Job in Salt Lake City, Salt Lake County, Utah, 84193, USA
Listing for: BAART Programs
Full Time position
Listed on 2026-01-30
Job specializations:
  • Healthcare
    Healthcare Administration, Medical Billing and Coding
Job Description & How to Apply Below

Full Time - Patient Access Representative / Patient Account Representative

BAART Program is looking for hard‑working and conscientious Patient Access Representative / Patient Account Representative to perform various administrative tasks with a keen eye for detail. The patient account representative is primarily responsible for patient billing, including verification of invoice information, maintenance of third‑party billing records, and resolution of a variety of problems.

Responsibilities
  • Review, maintain, and process fiscal/account records and transactions related to patient’s accounts.
  • Verify insurance benefits and billing information by terminal and/or telephone. Annotate accounts with insurance coverage and estimated patient shares.

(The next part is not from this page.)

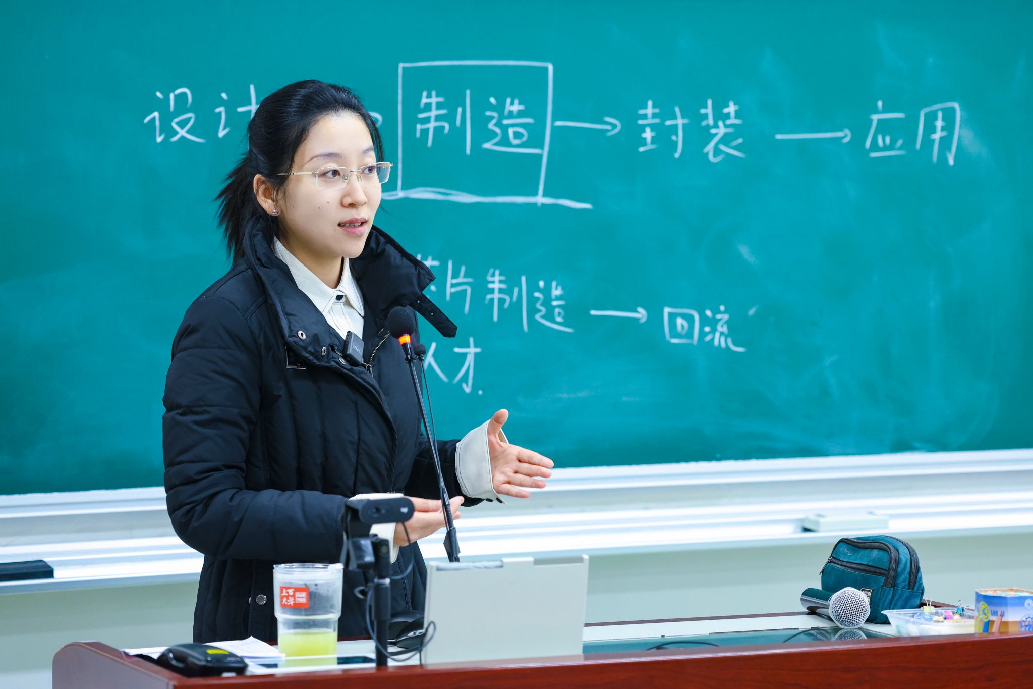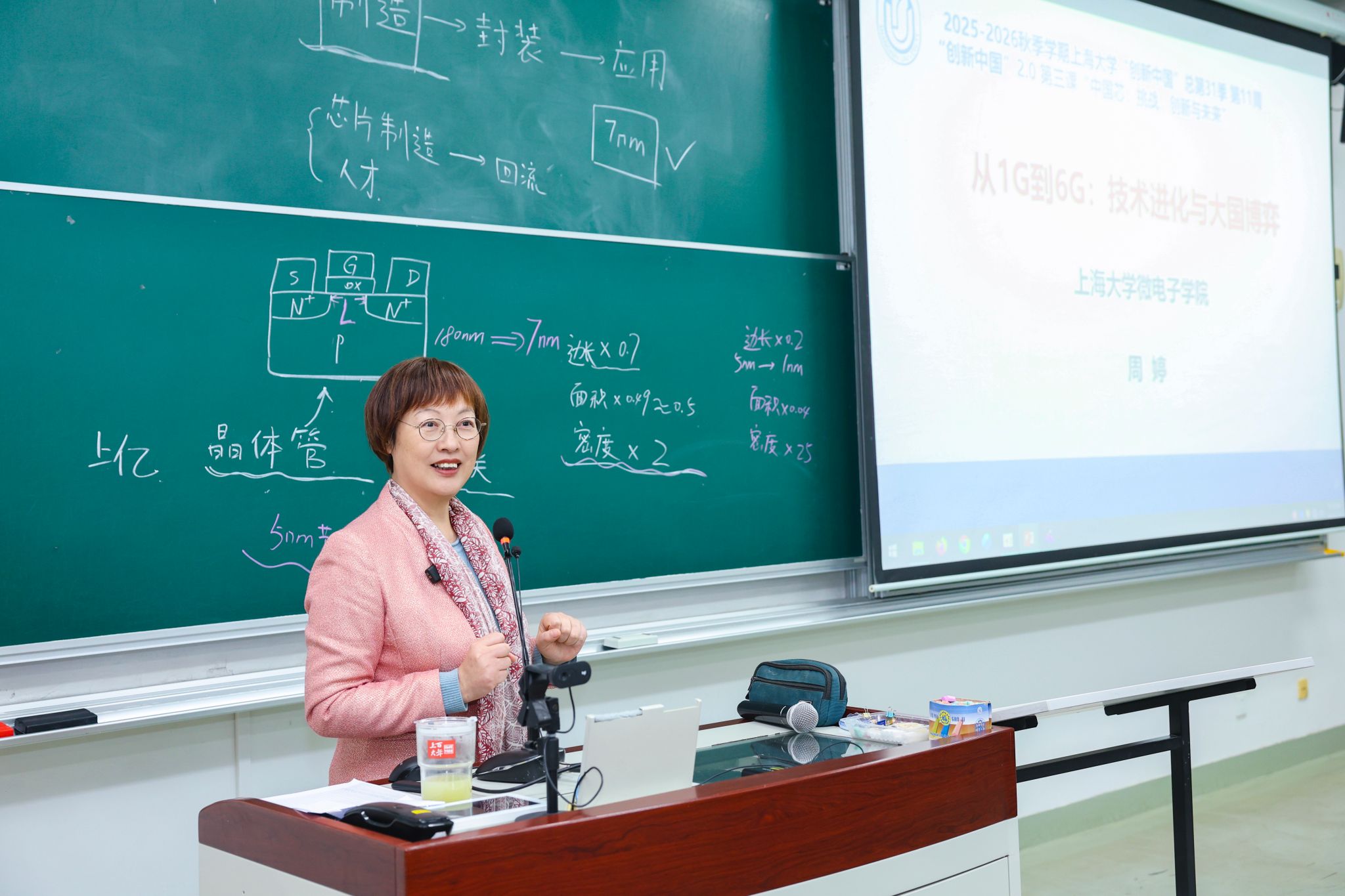 “从5nm到未来的1nm,芯片集成晶体管的密度如何实现25倍跃升?”任开琳老师以芯片制程为切入点,揭开集成电路制造的神秘面纱。任老师从摩尔定律的核心逻辑讲起,用清丽的板书,工整的算式,描摹了“边长缩小0.7倍,面积缩减0.49倍,密度提升2倍”,让学生直观理解集成电路制程迭代的核心原理。她介绍了英特尔22nm节点采用的三维包围式晶体管结构的技术突破,分享了这一技术从1999年概念提出到2015年量产应用的漫长历程,诠释了“基础研究需要坐得住冷板凳”的科研精神。针对我国集成电路产业的发展现状,任老师提到,华为麒麟990芯片早于2019年就实现了7nm设计能力,如今我国集成电路产业链正加速完善,但核心人才匮乏仍是突出瓶颈。为响应国家与上海的需求,上海大学正加速布局微电子领域人才培养。任老师呼吁同学们关注微电子学科,选择微电子专业,有志于在芯片设计、制造、封装测试等领域深耕细作,用专业能力为产业升级赋能,期待更年轻的一代人能有更好的价值观、更开阔的视野、更高的创造力。

  • Contact third party payers (insurance providers and state/federal agencies) for payment post billing.
  • Resolve issues with payment and billing, authorization process.
  • Reconcile daily money collected.
  • Forward information as appropriate to expedite payment.

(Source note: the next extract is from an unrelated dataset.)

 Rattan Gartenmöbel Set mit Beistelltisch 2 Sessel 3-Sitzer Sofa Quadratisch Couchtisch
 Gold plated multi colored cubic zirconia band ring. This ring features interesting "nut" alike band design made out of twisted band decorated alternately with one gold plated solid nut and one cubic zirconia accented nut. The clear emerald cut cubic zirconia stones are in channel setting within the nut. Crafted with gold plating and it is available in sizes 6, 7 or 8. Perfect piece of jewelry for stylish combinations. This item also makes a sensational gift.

  • Maintain accurate accounts, i.e. required signatures, proper account annotation, current demographics, and correspondence.

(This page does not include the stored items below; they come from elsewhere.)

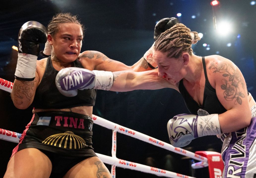 Casi siempre plantada en el centro del ring y con una muy buena preparación física, La Tina marcó diferencias en la primera mitad de la pelea (fueron 10 de 2×1). Su derecha hizo daño, llegó seguido a destino y hubo preocupación, tanto en el rincón local como en el público. La cipoleña fue visitante en serio, pero cumplió con el plan de pelea, pegó y salió, y así sacó diferencias en las tarjetas. Para todos, menos para los jurados.
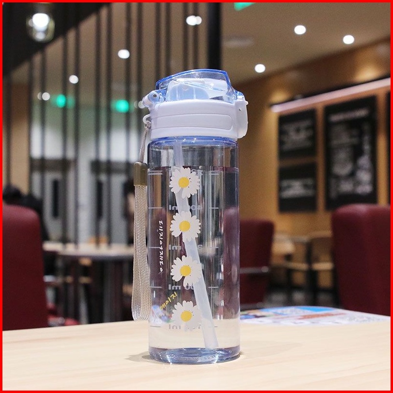 Dellune.store - Botol Minum Plastik Tumblr Daisy Transparant Ukuran 600ml Botol Lucu Murah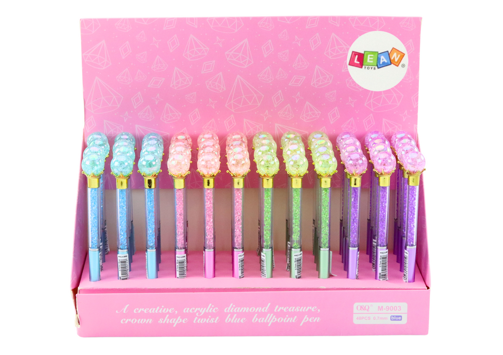 De Diamond Balpen Diamonds Blue Navulling 0,7 mm is een elegante pen met een diamanten bal aan het uiteinde en een transparante behuizing gevuld met sprankelende diamanten. Deze pen combineert stijl met functionaliteit en is perfect voor dagelijks gebruik dankzij de blauwe inkt. Het luxe ontwerp voegt een vleugje elegantie toe aan elke noot.
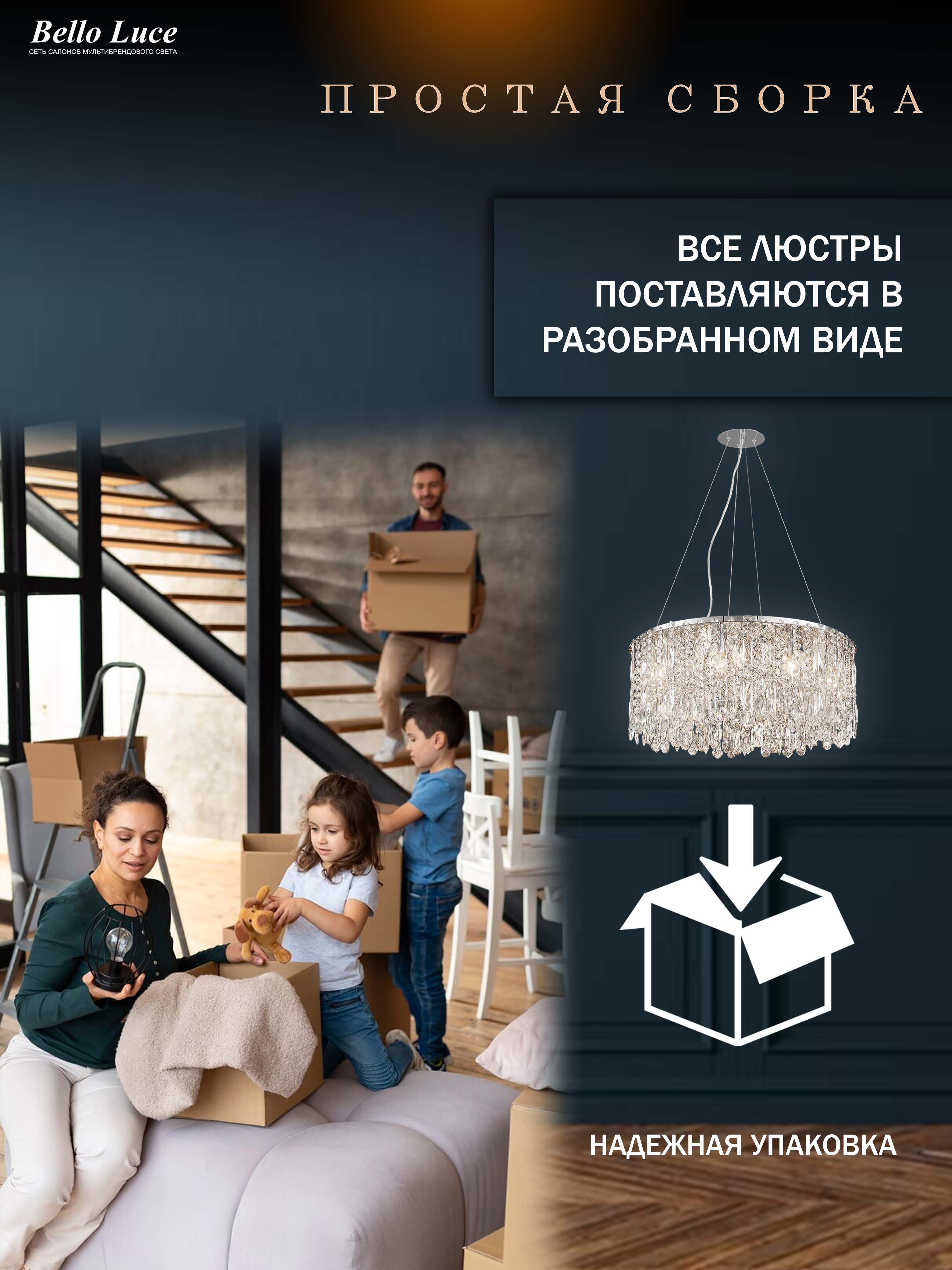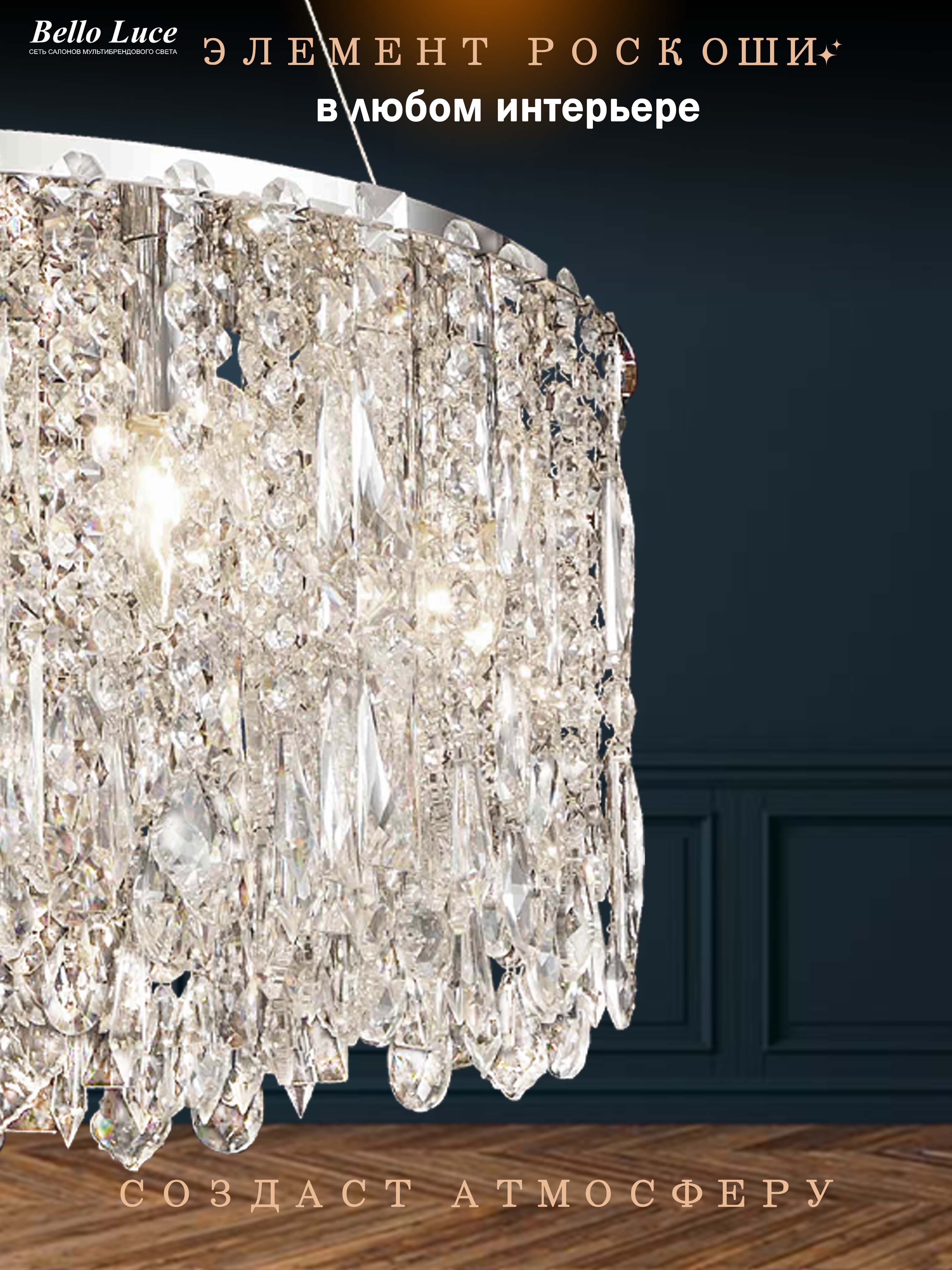 Представляем вашему вниманию роскошную хрустальную подвесную люстру, которая станет ярким акцентом в любом интерьере. Эта стильная модель выполнена в современном дизайне с элементами престижа, что делает её идеальным выбором для тех, кто ценит изысканность и оригинальность.

  • Insure completion of pre‑authorization process by inquiry and referral to clinician.
  • Monitor insurance authorizations and claim rejections.
  • Maintains fiscal records and/or worksheets for all calculations, extensions, and verifications related to record keeping for assigned patient’s accounts.
  • Perform tasks consistent with authorization and billing requirements.
  • Contact patients for payment of account or payment arrangements according to current policy.
  • Manage revenue cycle, production logs, balances and collections for self‑pay clients.
  • Maintain confidentiality of patient records.
  • Assists with archiving discharged files, including archiving.
  • Respond appropriately to requests for information regarding accounts from payer, attorney, and others.
  • Backup Receptionist as needed by:
    Checking in patients, collecting payments, answering phones, scheduling intakes, and data entry.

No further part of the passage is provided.